At about the same time as I was making this discovery, I happened to come across – in a second-hand bookstall in town – another painting signed by this Vincent, of sunflowers. It was on the cover of a book, and it was a picture I knew at once. The signature was definitely the same, the bright and vibrant colours of the painting instantly recognisable too. I was sure it had to be painted by the same Vincent who had signed my boat picture. I still don’t know what took me so long to get around to making the connection. I have to say I felt rather ignorant and stupid, because this Vincent was, of course, rather famous; in fact, he was amongst the most famous artists the world has ever known. I bought the book for £1.50, took it home and read it from cover to cover.
Vincent van Gogh, a Dutch artist, had signed his pictures “Vincent”, just as I had signed my gypsy caravan painting. I might have recognised his famous sunflower picture, but I had never before paid any attention to the signature, nor really taken on board who it was that had painted these amazing sunflowers. And I certainly did not know he had painted fishing boats as well. But there it was on the wall above my bed, my boat picture, and painted by the famous Vincent van Gogh.
He had spent some time in the south of France, I discovered, towards the end of his life. Whilst living there, he had painted hundreds of pictures, some landscapes, some of the people who lived and worked there. A few of them – including mine – he had painted down by the sea, just a few miles from where he was living, in a town called Arles. It was in his room in Arles, in a state of deep depression, that he had cut off his own ear. Mental illness had forced him to spend time in a nearby hospital, but he never really recovered. In the end, he had been driven to suicide.
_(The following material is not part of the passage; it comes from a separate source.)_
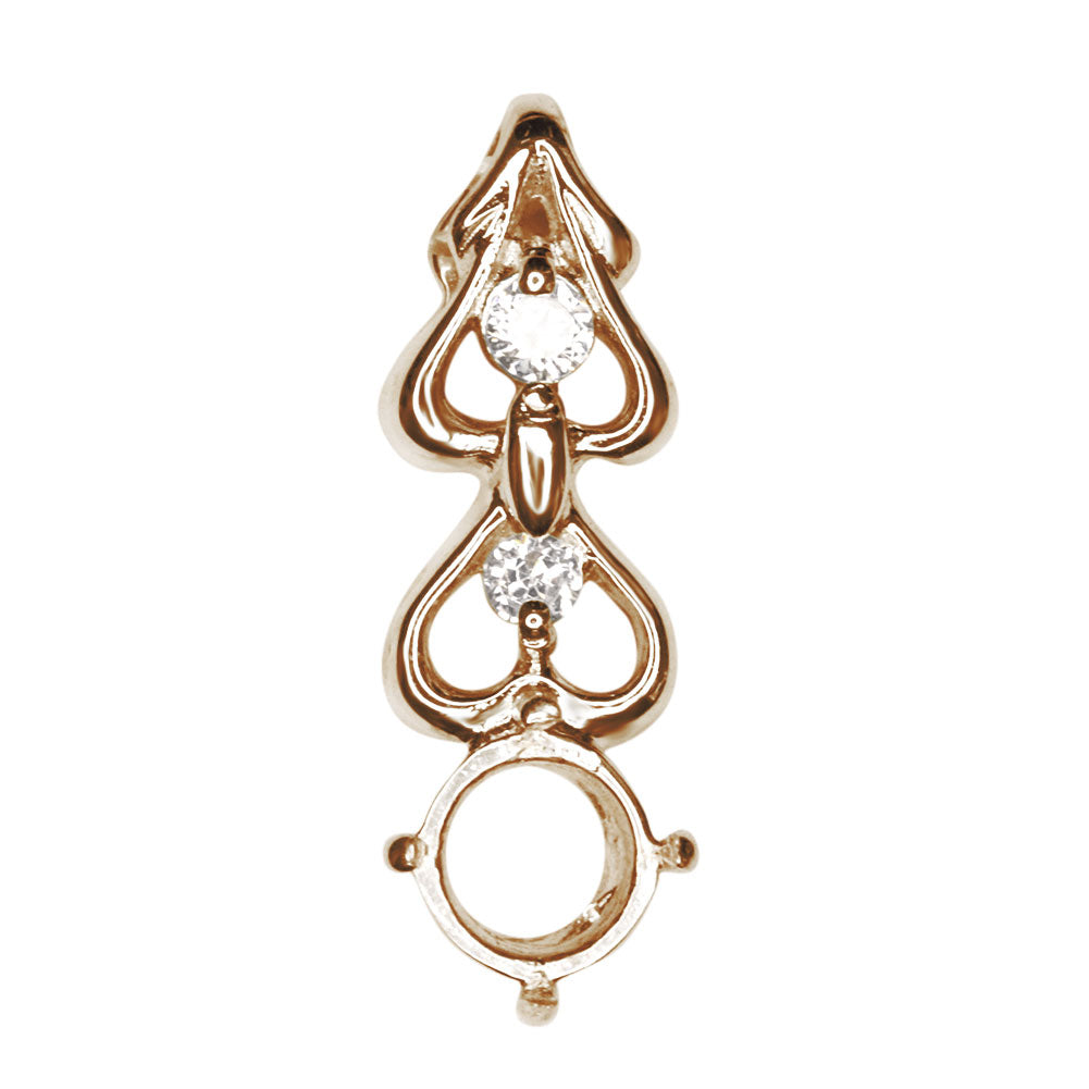 こちらは4mm(ラウンド)のルースが留まるペンダント空枠です。側面には小さなハートの抜き模様をあしらい、可憐さをさりげなくプラス。シンプルで上品な仕上がりにしています。

The more I read about him, the more I wanted to find out about him, to see as many of his pictures as I could, to go where he had gone, to stand on the beach where he had painted his boats. Such diversion and reveries, of course, did not help me to focus on revision for my Geography and English Literature exams, and even less on my Biology, which I especially loathed.
But it wasn’t just my belated discovery of who this Vincent was that made me want to go where he had gone, to find the beach where he had painted my picture of the fishing boats on the sand. There were other pictures from the book I particularly liked: one of a little bridge over a canal, and the one of a café bathed in yellow light in a cobbled street under a starry evening sky. I wanted to go to all these places, be where he had been. It wasn’t because he was famous that made me want to go, and it wasn’t just because we happened to share the same name either. It was because that boat picture of his above my bed very nearly killed me.
I was in my bedroom, at my desk by the window, pretending to be deep into my revision. Moments before, I had been lying on my bed, trying to summon up the willpower to get on with my work. I was only at my desk at all because I had heard my mother coming up the stairs and did not want her to catch me lazing about again. So there I was, hunched over my Biology textbook, looking as studious as I could, and waiting for the inevitable knock on my door. That was when it happened, my near-death experience. No crashing, no splintering of glass. The boat painting – I remind you, it was a large and very heavy picture – simply fell off the wall and landed with a great thud on my pillow, exactly where my head had been less than a minute before.